The Recreational Fear Lab is proud to be co-hosting the Fourth Annual Aarhus Workshop on Recreational Fear with the Youth & Horror Research Network, run by Dr. Cat Lester and Dr. Kate Egan. For this exciting workshop, which brings together researchers from a range of scientific and scholarly fields, the focus will be on children, young people, horror, play, and education.

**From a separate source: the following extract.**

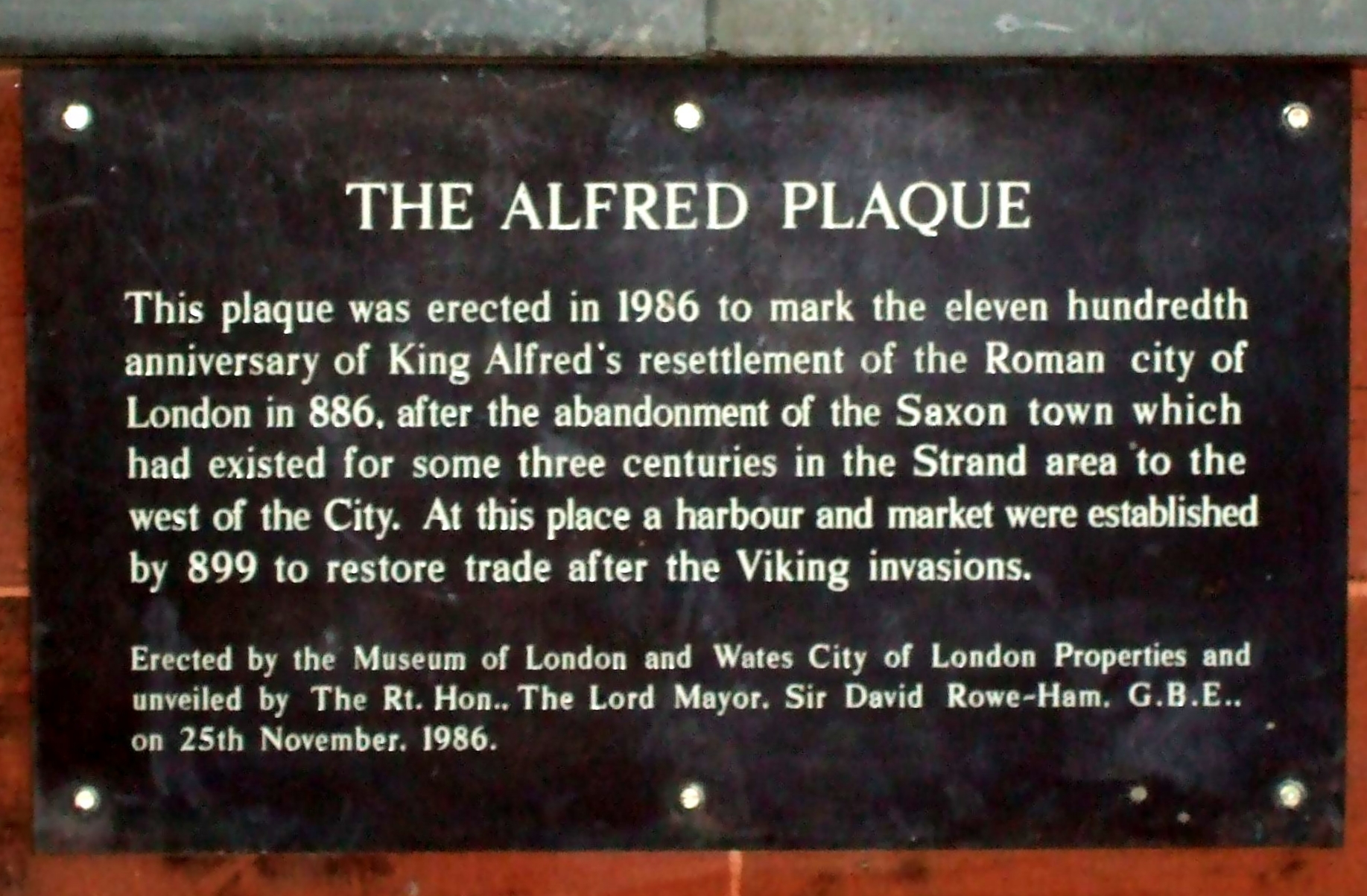 알프레드의 런던 점령과 옛 로마 도시의 재건은 런던 시의 영구적인 설립뿐만 아니라 웨섹스가 지배적인 잉글랜드 왕국이 되고 바이킹 점령과 약탈을 (어느 정도까지) 격퇴하는 등 초기 잉글랜드의 통일의 순간으로서 역사적 전환점이 되었다.[20] 런던과 잉글랜드는 그 이후 바이킹과 덴마크의 약탈과 점령에 다시 시달렸지만, 런던 시와 잉글랜드 왕국의 설립은 지속되었다.

The Youth & Horror Research Network is a collaboration between the University of Birmingham, Northumbria University and our partners Into Film, Learning on Screen and Flatpack Festival. It is an AHRC-funded, interdisciplinary network of scholars, educators and cultural partners which aims to investigate and impact scholarly and public understandings of the relationship between children, youth and the horror genre. By bringing together scholars, teachers, guardians and cultural managers from across disciplines and sectors through a series of events and activities, the network will address vital questions about this frequently misrepresented relationship.
There will be coffee/tea served during the day, but participants will have to buy lunch themselves.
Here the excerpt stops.